What you will do
Exactly the lines below from the line with "(Ламінарія) | Arctic-Kelp" through the line with "High-waist, mom jeans" must make up the answer, both ends included and pictures left out.

The data
┌──
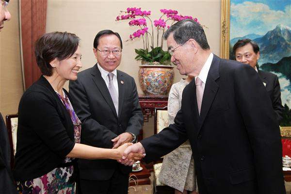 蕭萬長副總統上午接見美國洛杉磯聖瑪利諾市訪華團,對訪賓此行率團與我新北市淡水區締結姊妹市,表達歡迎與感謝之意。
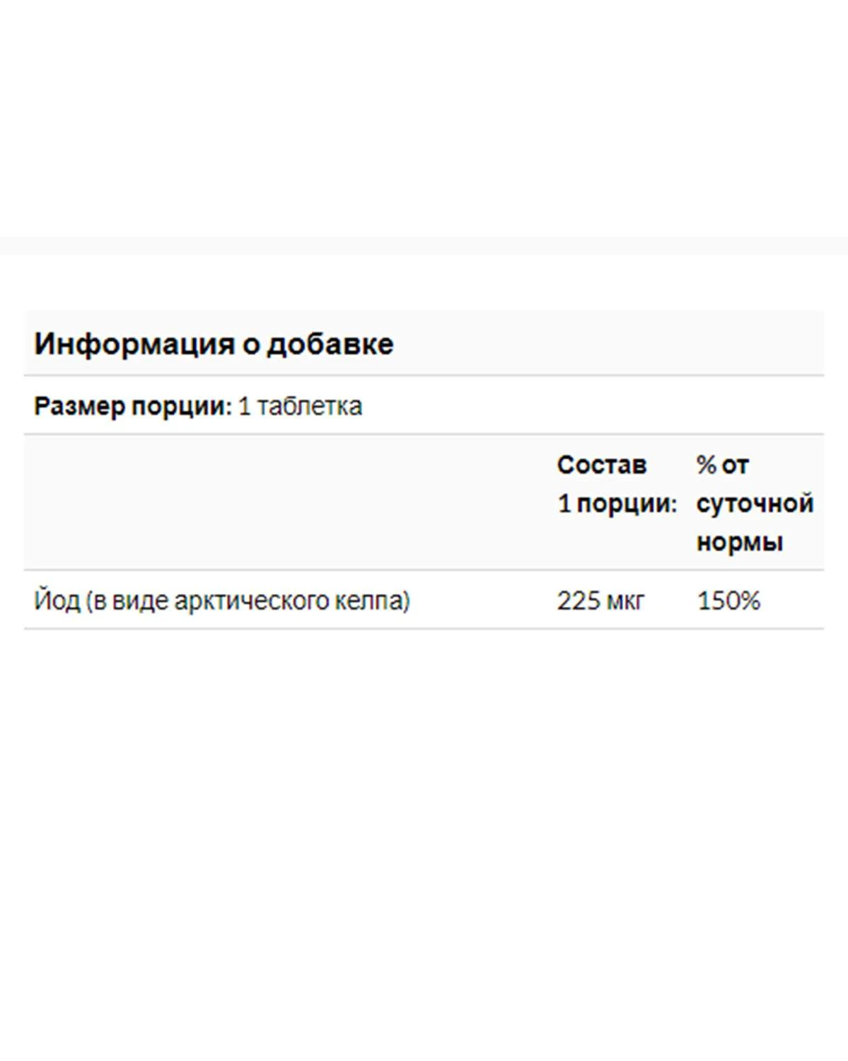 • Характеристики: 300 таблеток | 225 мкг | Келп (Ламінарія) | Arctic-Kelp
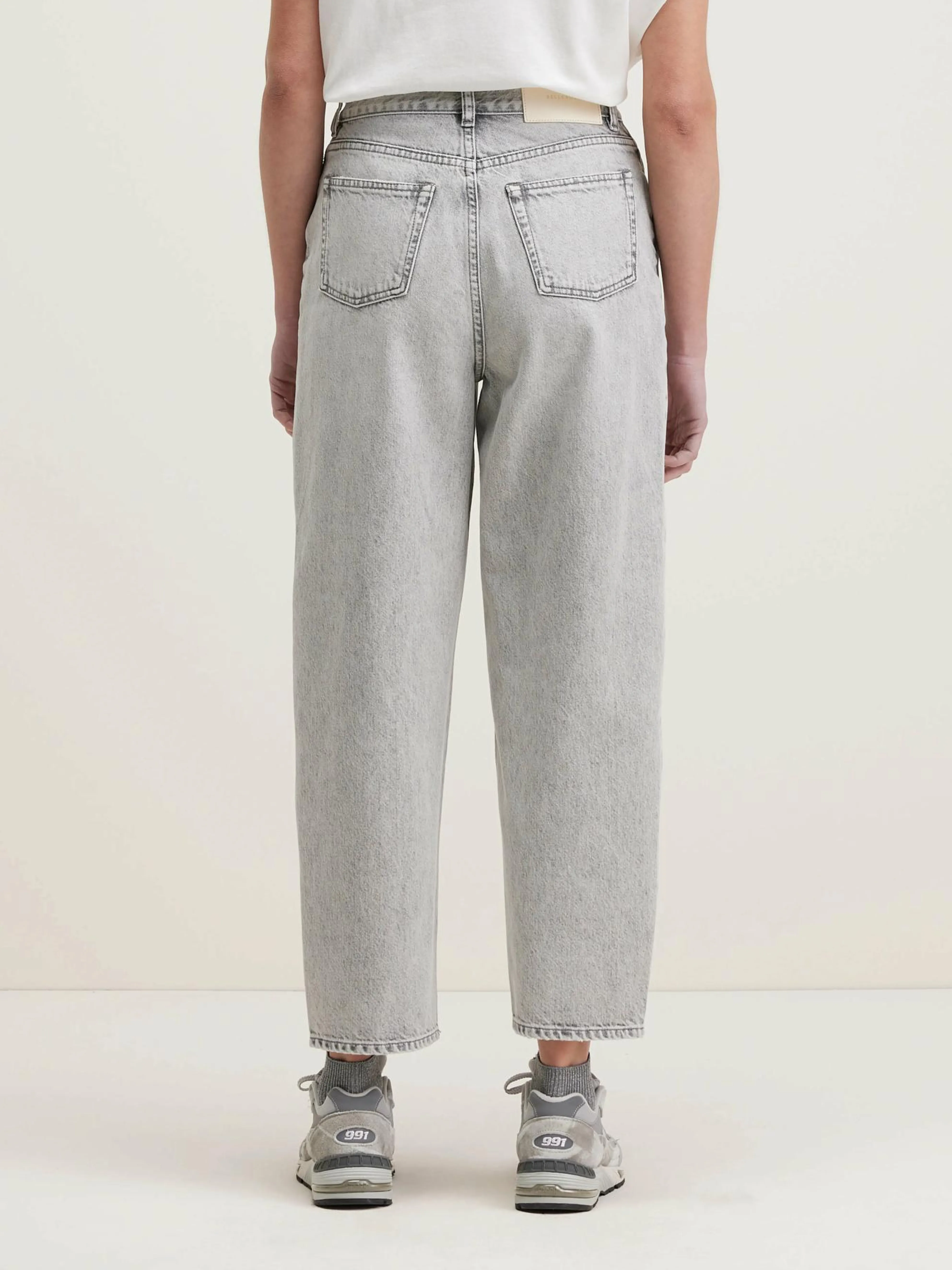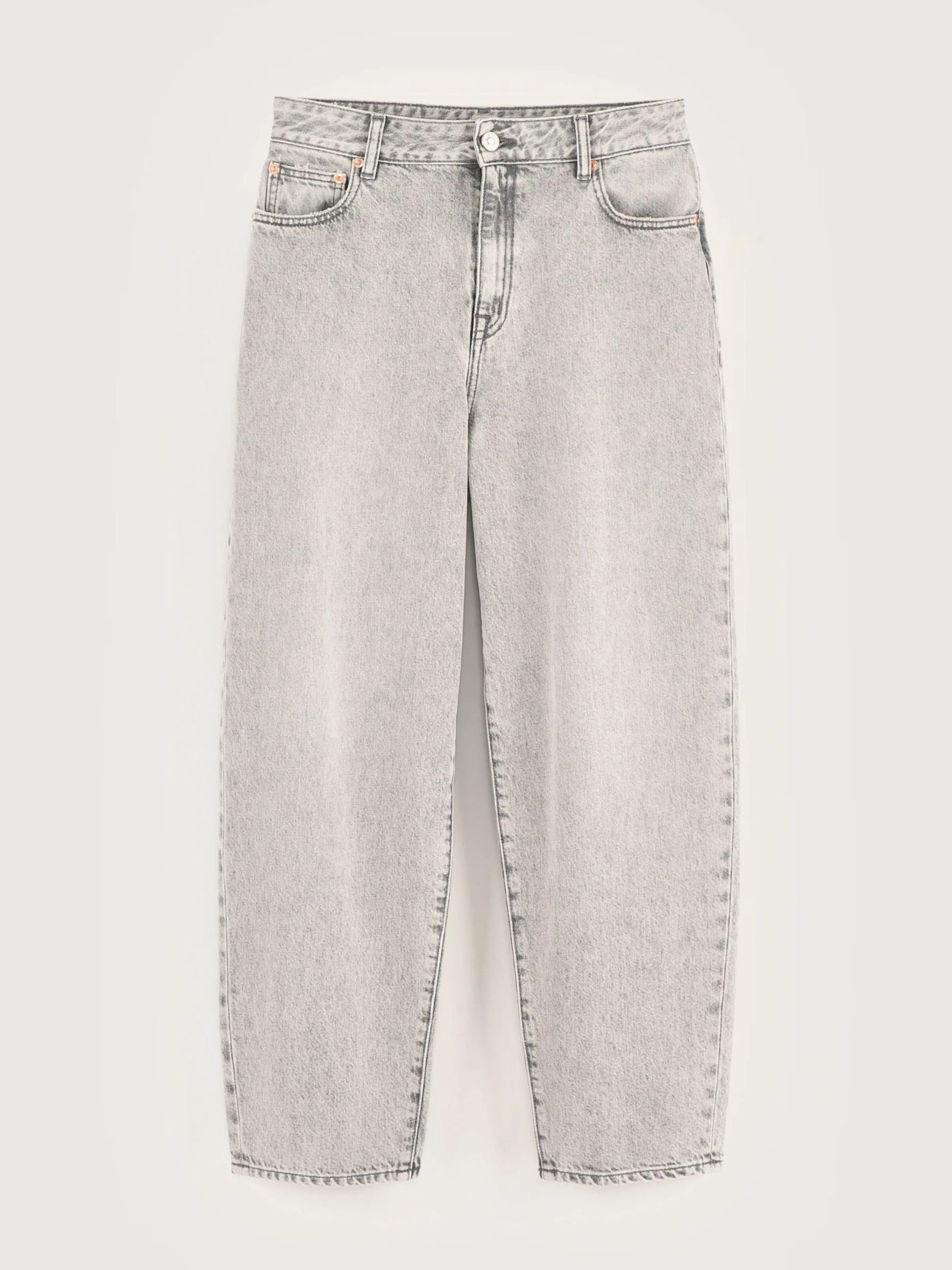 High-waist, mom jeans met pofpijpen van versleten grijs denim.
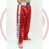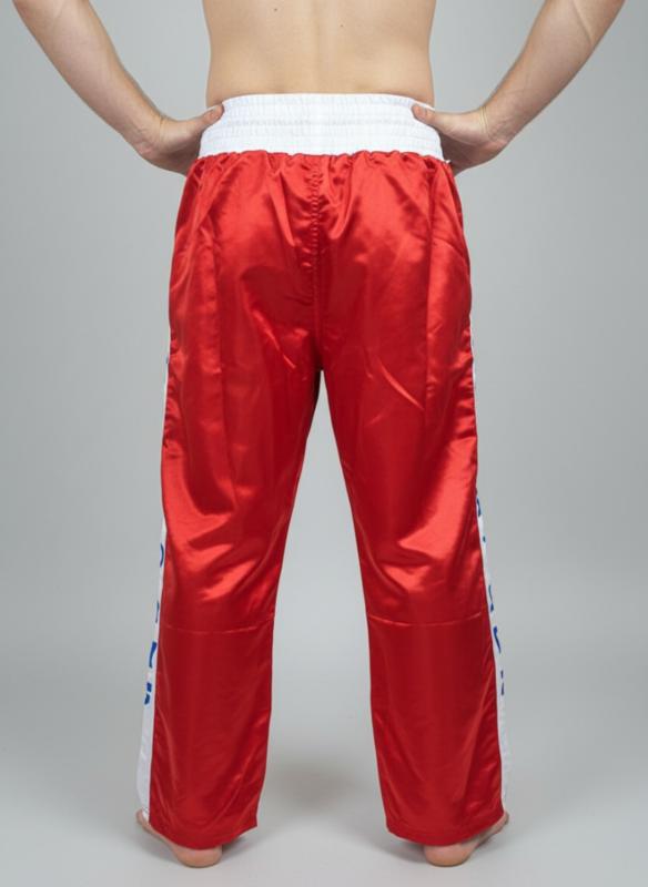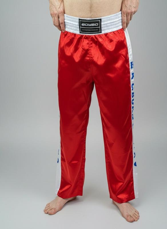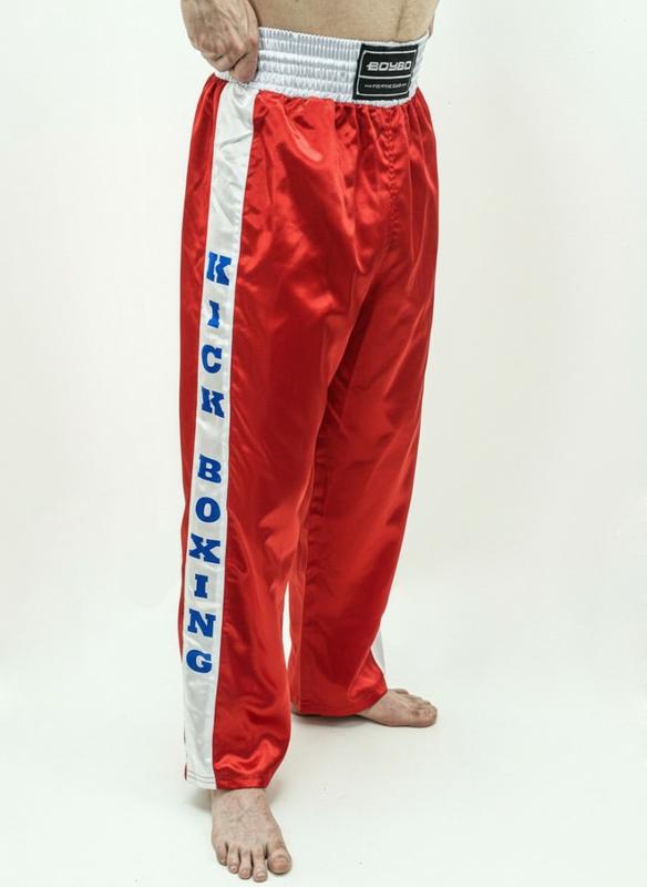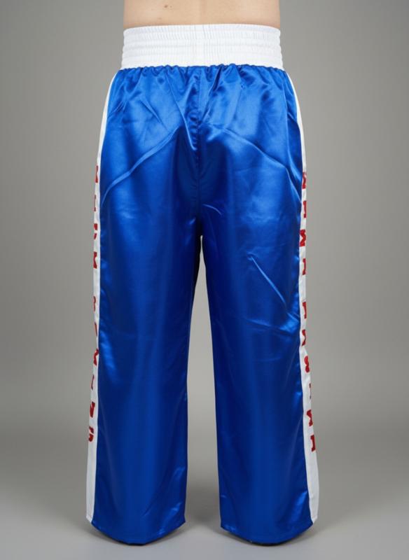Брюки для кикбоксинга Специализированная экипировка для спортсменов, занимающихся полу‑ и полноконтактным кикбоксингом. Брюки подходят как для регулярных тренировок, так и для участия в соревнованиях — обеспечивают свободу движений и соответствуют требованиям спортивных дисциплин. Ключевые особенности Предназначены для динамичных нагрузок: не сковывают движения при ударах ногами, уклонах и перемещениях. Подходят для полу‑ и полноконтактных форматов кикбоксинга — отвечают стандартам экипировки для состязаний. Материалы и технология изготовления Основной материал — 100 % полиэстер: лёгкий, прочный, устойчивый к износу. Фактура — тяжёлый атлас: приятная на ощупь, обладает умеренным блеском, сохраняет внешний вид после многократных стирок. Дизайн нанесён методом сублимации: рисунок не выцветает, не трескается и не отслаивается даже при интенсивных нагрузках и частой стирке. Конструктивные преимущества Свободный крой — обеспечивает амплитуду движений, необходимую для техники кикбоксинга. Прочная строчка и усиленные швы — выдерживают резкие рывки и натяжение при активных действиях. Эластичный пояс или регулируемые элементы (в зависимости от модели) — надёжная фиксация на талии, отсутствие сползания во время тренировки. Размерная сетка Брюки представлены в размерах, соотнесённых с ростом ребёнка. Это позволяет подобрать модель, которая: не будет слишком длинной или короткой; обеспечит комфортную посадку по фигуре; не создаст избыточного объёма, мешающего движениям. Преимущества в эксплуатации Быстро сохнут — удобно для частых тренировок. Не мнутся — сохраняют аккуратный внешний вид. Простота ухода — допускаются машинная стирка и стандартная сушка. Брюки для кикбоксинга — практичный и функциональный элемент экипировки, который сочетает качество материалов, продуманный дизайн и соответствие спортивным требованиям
└──
Worked solution
 • Характеристики: 300 таблеток | 225 мкг | Келп (Ламінарія) | Arctic-Kelp
 High-waist, mom jeans met pofpijpen van versleten grijs denim.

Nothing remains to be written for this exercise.